|
CMU-ISRI-05-101
Institute for Software Research International
School of Computer Science, Carnegie Mellon University
CMU-ISRI-05-101
Adding Semantics and Rigor to Association Rule Learning:
the GenTree Approach
Yiheng Li, Latanya Sweeney
January 2005
CMU-ISRI-05-101.pdf
Keywords: Association rules, classification problems, data
mining, knowledge acquisition, rule learning, hierarchical learning.
Learning semantically useful association rules across all attributes
of a relational table requires: (1) more rigorous mining than afforded
by traditional approaches; and, (2) the invention of knowledge ratings
for learned rules, not just statistical ratings. Traditional algorithms
began by learning rules over one attribute expressed in the domain
values of that attribute (Srikant and Agrawal, 1995). "People who buy
diapers tend to buy beer" is an example from grocery purchases. In the
second generation, Srikant and Agrawal, (1996) introduced a hierarchy
hose base values are those originally represented in the data, and
values appearing at higher levels in the hierarchy represent
increasingly more general concepts of base values. Rules learned
over the attribute using the hierarchy are termed generalized
association rules (or crosslevel rules). People who buy
baby products tend to buy controlled substances is an example of
a generalized association rule. Rules that mix the level of
expressions for the same item were still not able to be learned.
People who buy
beverages tend to buy beer is an example of a rule that could not
be properly learned if most beverage purchases were of beer. The
work reported herein continues the evolution in the expressiveness
of association rules to its broadest application -- semantically
rated rules learned from a large relational table having many
attributes. Associated with each attribute is a hierarchy. We find
the rules that are formed by combining mixed levels of generalizations
across all attributes and that convey the maximum expression of
information supported by attribute hierarchies, parameter settings
and data tuples. We term these robust rule. An example of a robust
rule is "People who buy baby products tend to buy controlled substances,
use credit cards and make purchases on Saturdays." Multiple attributes
from the transaction are included and cross-level and mix-level
rules are expressed. Because of the improved expressiveness, many
more statistically relevant rules are learned. To identify semantically
useful rules among them, we compare rule features appearing on the left
side (before "tend to") to those appearing on the right side (after
"tend to") to identify learning in breadth (more attributes appearing
on the right-side than on the left) and learning in depth (values on
the right side appearing at lower levels in the corresponding hierarchies
than those on the left). For a set of learned rules surpassing statistical
thresholds of relevance, the most semantically relevant rules are those
expressing more depth and/or breadth in the terms of their expression.

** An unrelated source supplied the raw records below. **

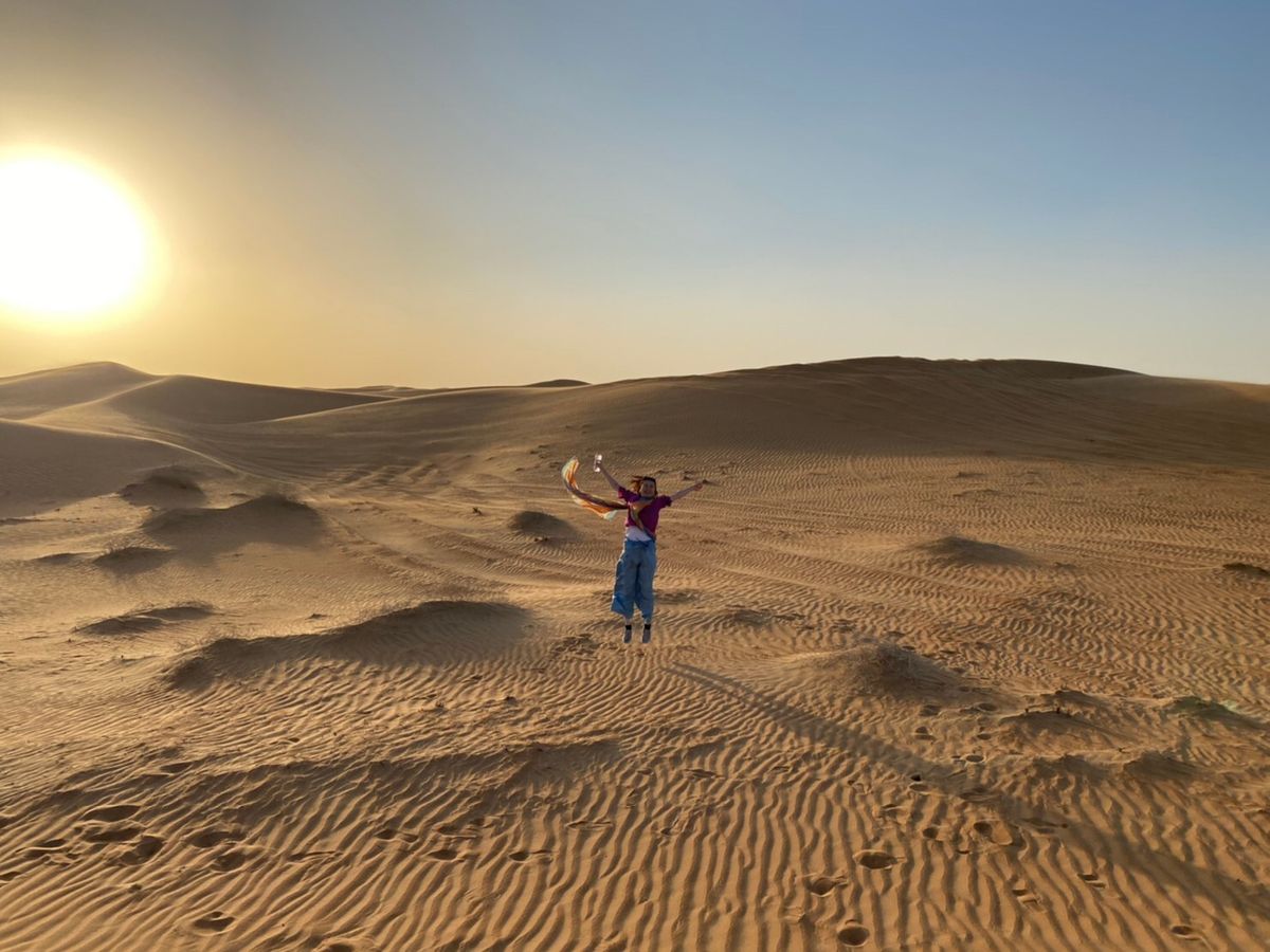 ドライバー(担当ガイド)さんが砂漠で沢山良い写真を撮ってくれました。連写でトリック写真のような面白い写真もいくつも撮ってくれたので、とても良い思い出です。
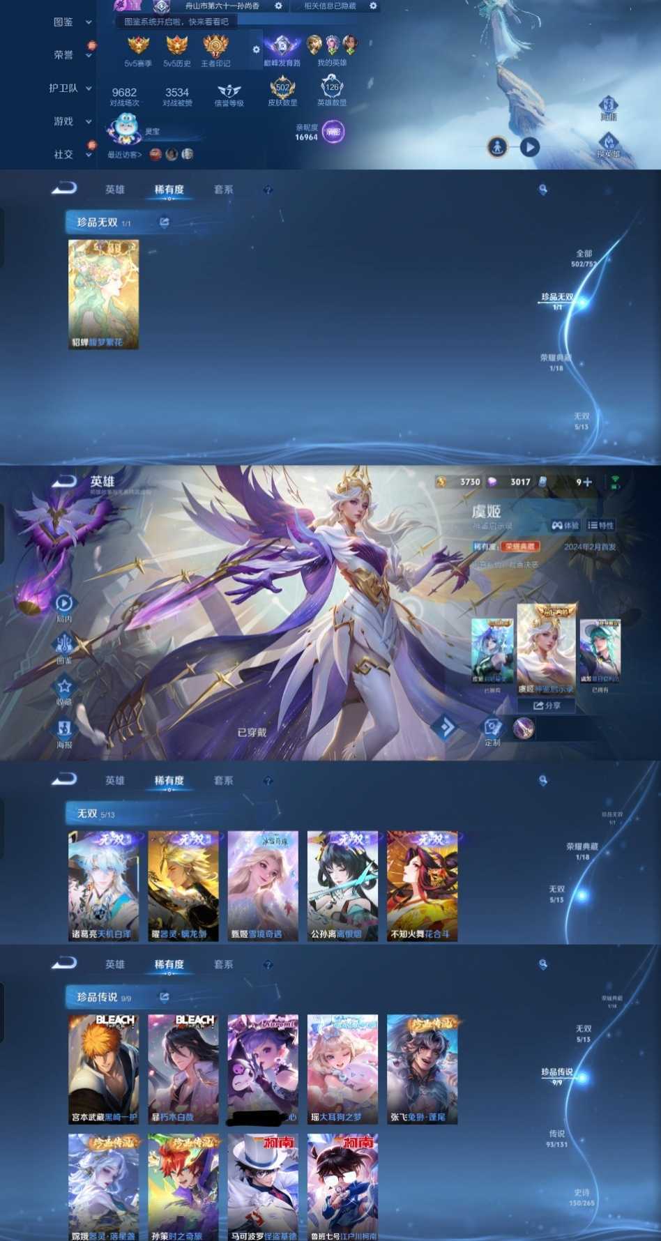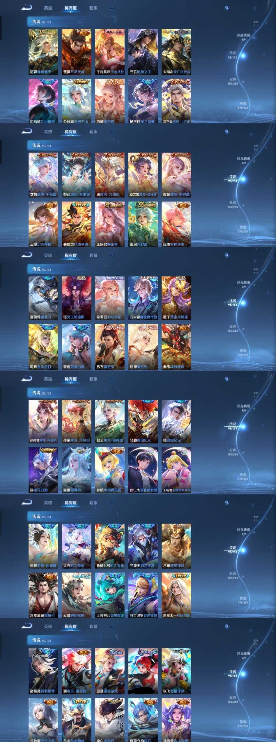 限制: 租号1次及以上 | 撤单率<49%才可租用此帐号装备描述:时间到了还登录白玩或者顶号全部改密拉黑处理永不解除,顶号机器会秒禁玩改密,顶号不仅拉黑还没得玩,赚三两块不容易,请理解谢谢。 ❤❤❤❤❤❤❤❤❤❤❤❤❤❤❤❤❤❤❤ 请勿开挂,挂机,送头,骂人,撤单后游戏等如有违规永久拉黑永不解除。 重置二级密码不要费劲了,号主每天都会上号查看,多行不义必自毙,人在做天在看,多做好事多自律,少做缺德事。 该号英雄126个皮肤502个,珍品无双1个,典藏1个,无双5个,珍品传说9个,星传说7个,传说93个,史诗150个,祝您游戏愉快~
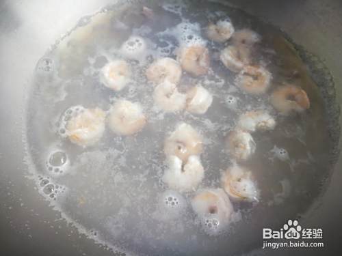 锅中添水烧开,把虾仁入水焯一下,保持其形状,过凉备用。
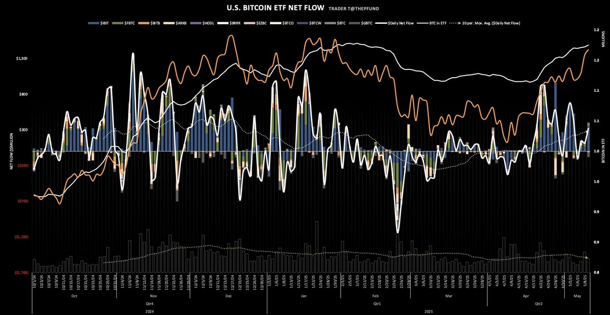 Recent Bitcoin Spot ETF Inflow Rising Sharply (Source: @thepfund, X)
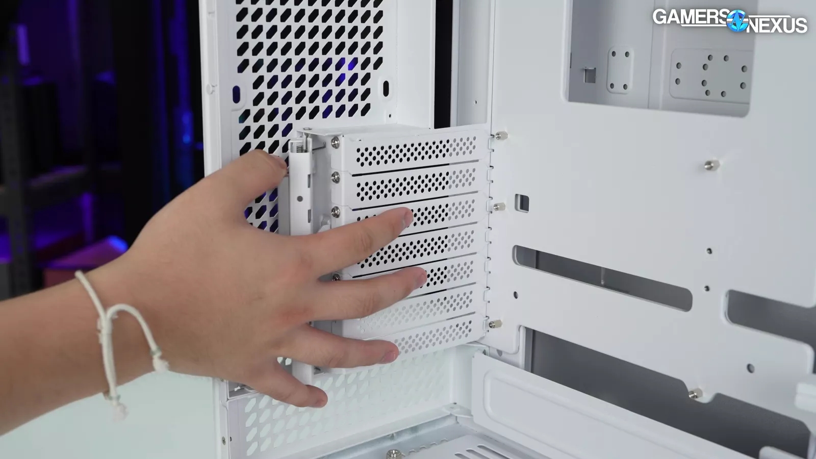 For tests with side intake through the aluminum side panel, we kept the hinged SSD mounting bracket open. For tests with bottom intake, we kept it closed.
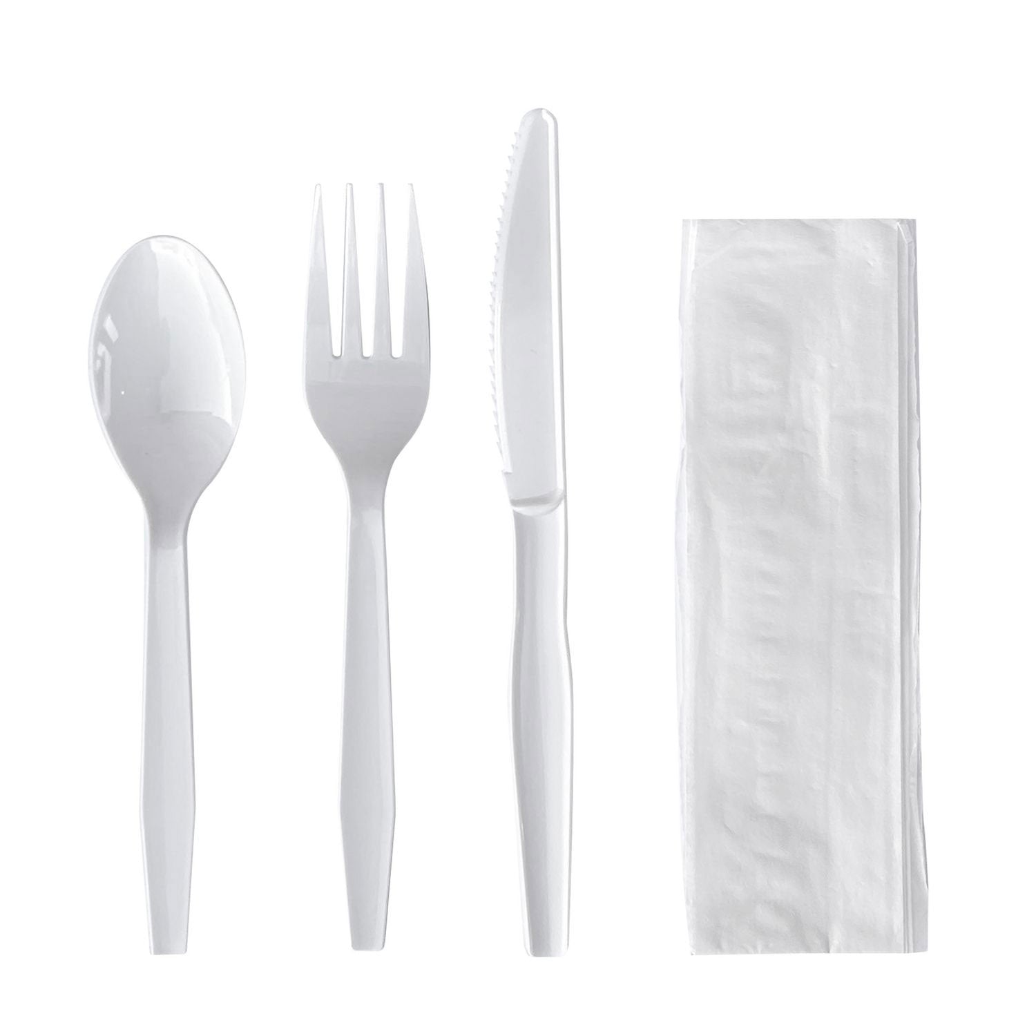 Boardwalk® Four-Piece Cutlery Kit, Fork/Knife/Napkin/Teaspoon, White, Polypropylene, 250/Carton (BWKFKTNMWPPWH)
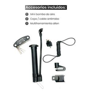 - Luces: Foco frontal de alta luminosidad y luz de freno trasera para que te vean mientras circulas.
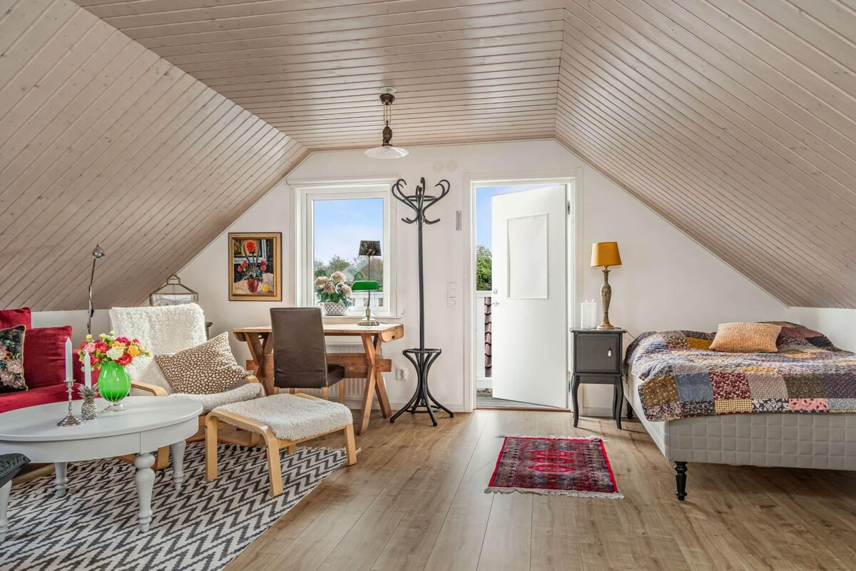 Ett semesterboende på landet! Vi erbjuder en lägenhet i ett nybyggt fristående hus på vår gård. Ca 2,5 km till havet och fin strand i Vejbystrand. Det finns plats för 6 personer. En dubbelsäng, två enkelsängar samt en bäddsoffa för två. Huset har en öppen planlösning med ett allrum samt ett badrum på nedervåningen. På ovanvåningen finns ett rymligt sovrum. Det finns en delad uteplats som inte är helt iordningställd. I nuläget finns ett bord med 6 stolar samt en delad grill.
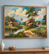 Step onto a sun-drenched path and discover a world of peaceful beauty. This artwork captures a warm, inviting village scene with charming homes nestled among lush green trees and bright yellow flowers. A small stream meanders through the landscape, adding to the feeling of natural comfort. The brilliant blue sky filled with soft, puffy clouds promises a perfect day. A wonderful addition to any home, it brings a sense of simple joy and relaxation, offering a constant reminder of the easy-going beauty found in a quiet country life.
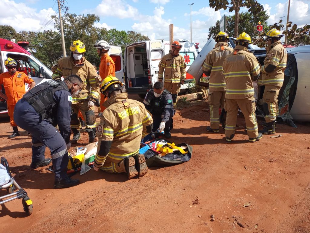 No interior do automóvel, estavam três pessoas, todas do sexo masculino. Um deles conseguiu sair e estava andando pela cena quando equipes do Corpo de Bombeiros Militar do Distrito Federal (CBMDF), chegaram para prestar socorro. Apesar de consciente, o homem estava ferido e foi levado ao hospital.
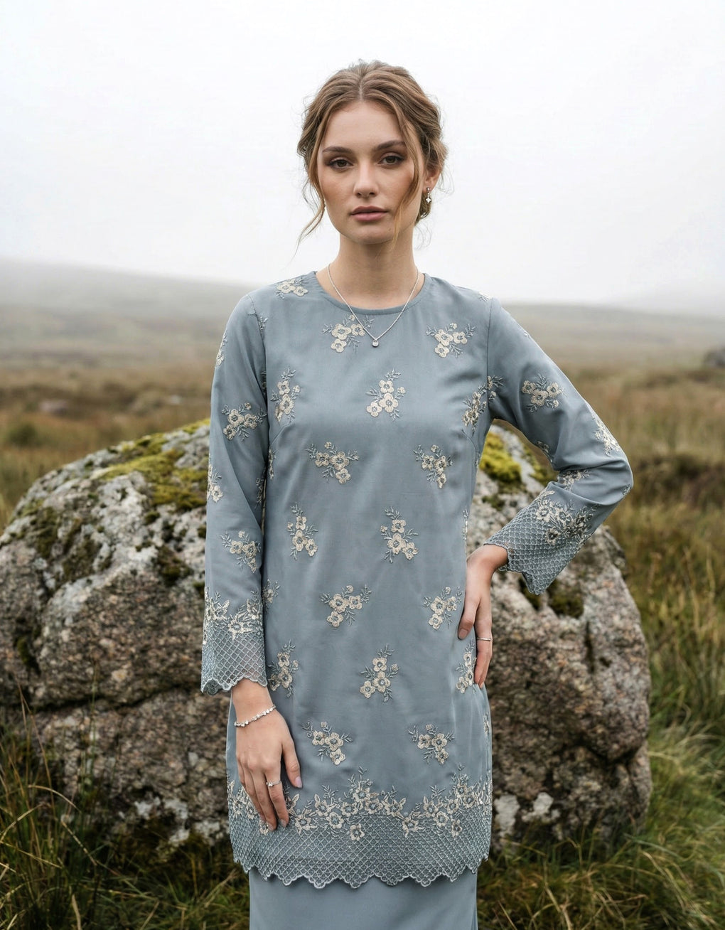 Crafted in a timeless Moden cut, this piece offers a comfortable fit. Delicate floral embroidered lace and a subtly geometric hem create a graceful blend of femininity and elegance perfect for any occasion.
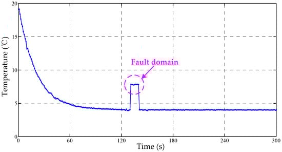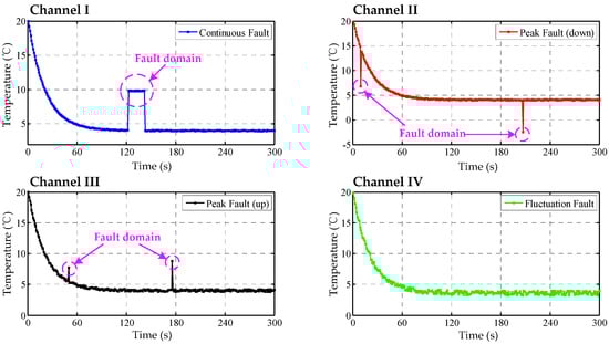 The data curves of TSic506 units, channel I: continuous fault resulting from sensor fault; channel II: down peak fault resulting from accidental fault; channel III: up peak fault resulting from accidental fault; channel IV: fluctuation fault resulting from interfering noise.
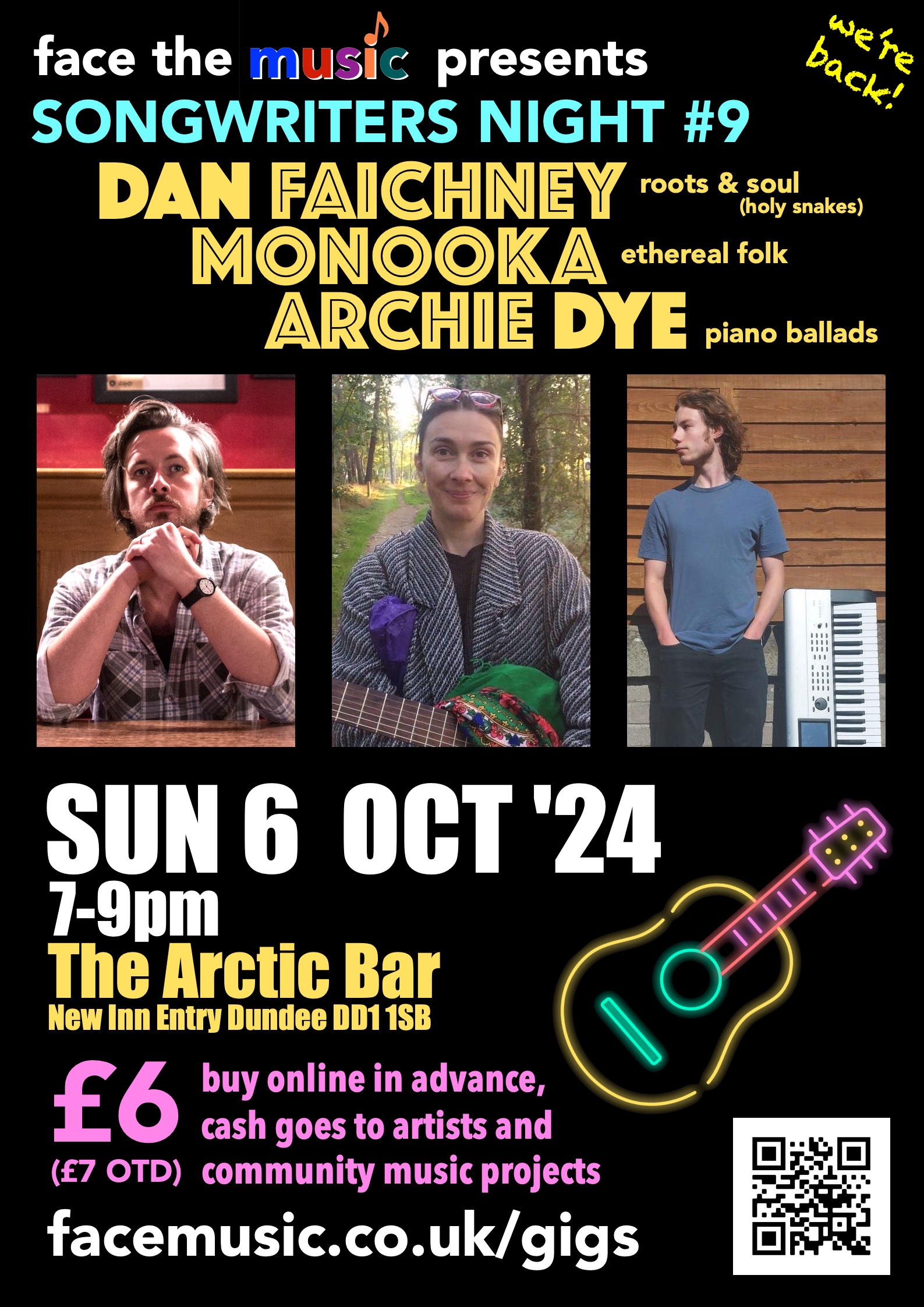 We will keep on showcasing songwriters every couple of months, and providing a place where you can hear exciting original music in an intimate setting. If you would like to get involved, please drop us a line: gigs@facemusic.co.uk.
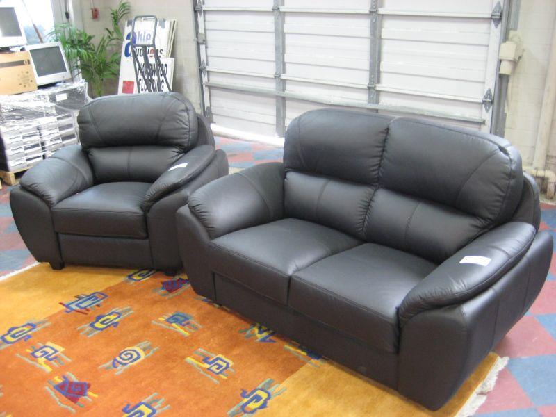 Black Leather 3 Piece Sofa Set
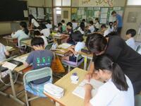 理科の授業で、花の中はどうなっているのかという観察をしています。
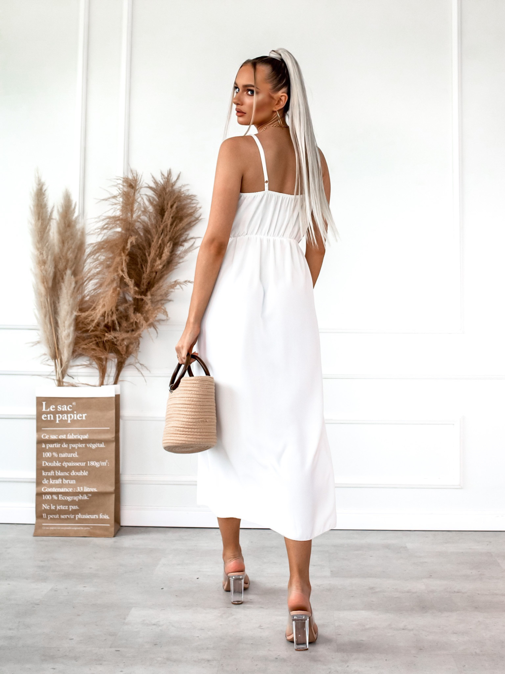 Bílé dlouhé šaty GROOVES s knoflíky

The other rules are merely subset expressions. We also introduce a
GenTree algorithm as an efficient means to learn robust rules from a
table. Experiments using GenTree with two real-world datasets,
containing 10,000 six-attributed tuples and over 4,000 eightattributed
tuples each, show that learned rules convey more comprehensive
information than possible with traditional association rule mining algorithms.
25 pages
|